1 The source consists of
excited calcium atoms which have a valence electron in the
4p2 1S0 state. Notice that the calcium
atom's valence electron has been placed into an excited state where
it has no net angular momentum (L = 0). As the atom de-excites, the
electron cascades into the 4s4p 1P1 state and
releases a green photon at 551.3 nm. This state then decays back to the
4s2 1S0 state releasing a blue photon
at 422.7 nm. Because the total angular momentum at the beginning and
end of the cascade is zero, the two photons emitted must each have
opposite angular momentum and thus the two photons must be
circularly polarized in opposite directions. The filters in
figure 1 only allow the transmission of one of the two colors.
Thus, these filters guarantee that emitted photon pairs travel to opposite
detectors such that the green photons go along path A and the blue
photons go along path B.
Before remarking on how the results are recorded at the coincidence counter, what do we expect to see? Recall that the two emitted photons are circularly polarized in opposite directions (i.e. one is rotating clockwise and the other is rotating counter-clockwise). Notice that the detectors on the "A" side and "B" side of the experiment are facing each other. So, if A sees a photons polarization as spinning clockwise, then B will see the polarization of that same photon as spinning in the opposite direction! Since we are creating photons with exactly opposite polarizations and since we are looking at these polarizations using oppositely facing filters, the two photons in this experiment should register the same polarization states and thus whichever linear component is measured on side A must also have the same value on side B.

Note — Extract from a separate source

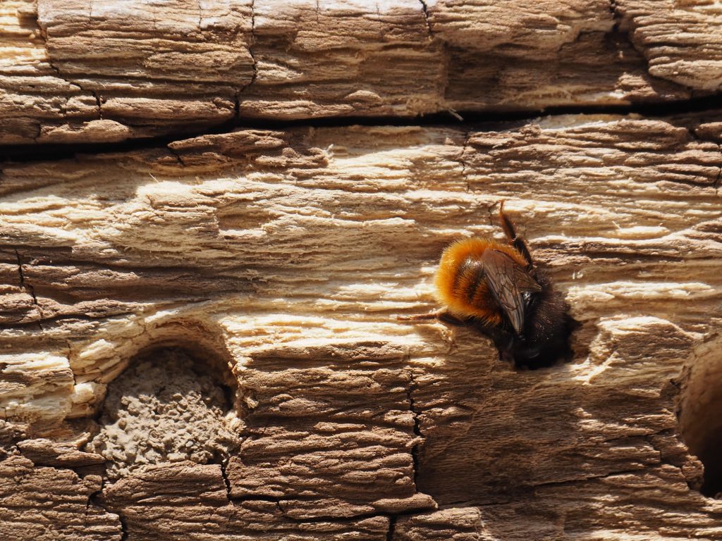Fraßgänge von Käferlarven in Totholz wird unter anderem von der Frühen Scherenbiene gerne angenommen.
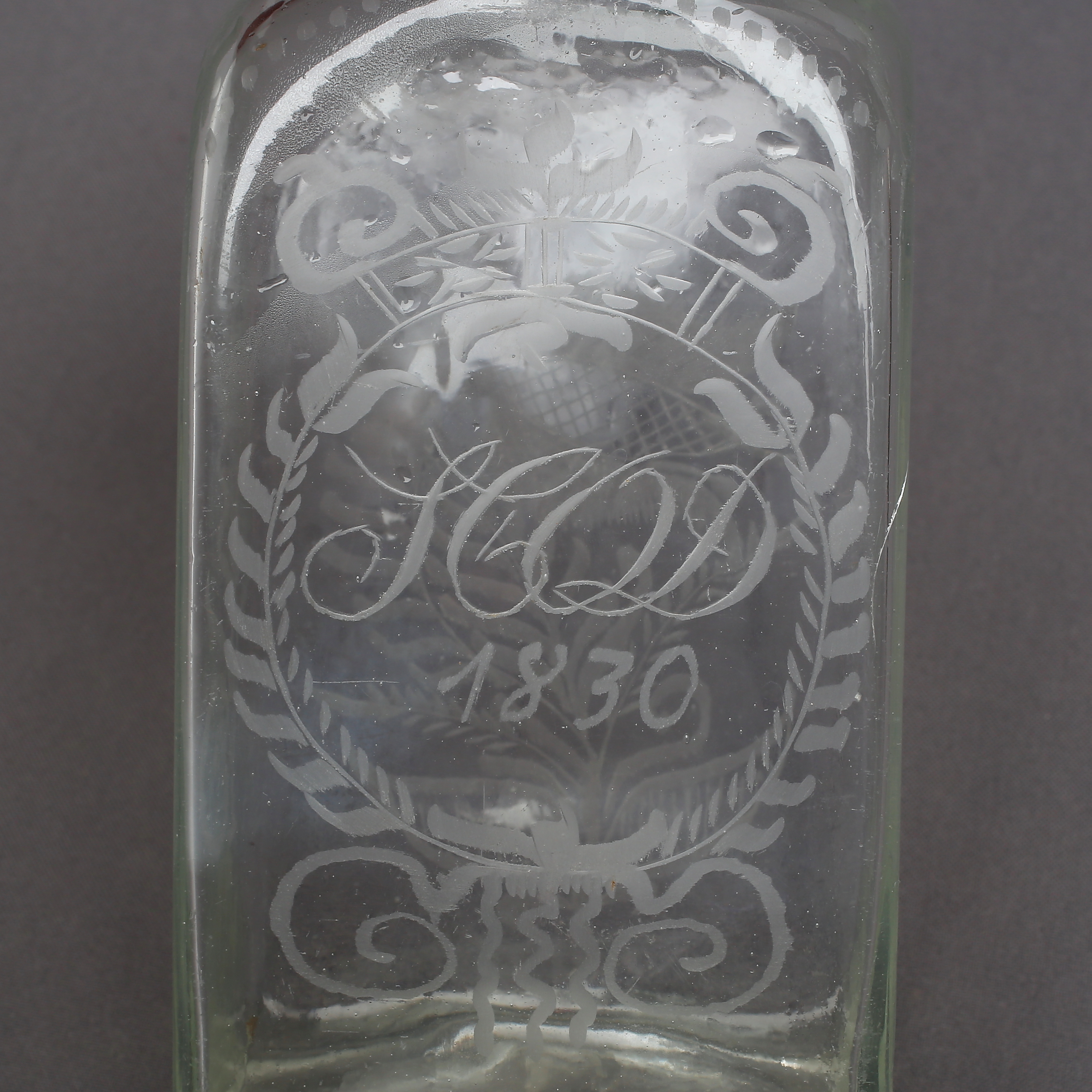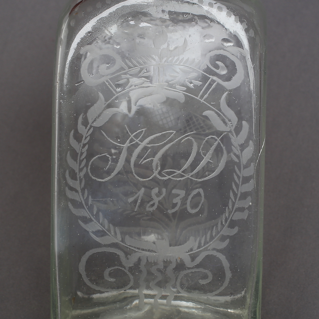 894026. PLUNTA, glas, gravyr, daterad 1830.

After the PMT tubes send their result to the coincidence counter, there is one more requirement which must be met before an event is recorded. One only wants to consider events which are spacelike separated. Since the polarization filters are separated by 13 meters, it would take a signal 40 ns traveling at the speed of light to go from one of the filters to the other one. To ensure that there is no communication between events which happen at the two filters, the coincidence counter only accepts results if the time delay between receiving the signals from the PMT tubes on side A and B is less than 20 ns. If the signals arrive with a time separation greater than this, the event is thrown out. If an event does occur within 20 ns, then the result from side A (either +1 or -1) is multiplied by the result from side B and an average value is found from repeated measurements.
Now, given all of these measurements, how do we extract a meaningful result? In the following two sections, we will work out what we expect to see in this experiment as a function of the filter orientations a and b. Using the data, how do we derive an average value for the experiment? The definition of the expectation value (or average value) is the sum of all the resulting values times the probability for that value. So, the expectation value, as a function of the filter orientations is: E(a,b) = P++(a,b) - P+-(a,b) - P-+(a,b) + P--(a,b), where P++ is the probability that both detectors registered a "+" result, P-- is the probability that both detectors registered a "-" result, etc. These probabilities can be measured by looking at how many counts of a particular type were measured and dividing this by the total number of counts recorded. For example, P_+ would be the number of times the left detector registered a -1 at the same time as the right detector registered a +1 (by at the same time I mean within the 20ns limit meantioned above).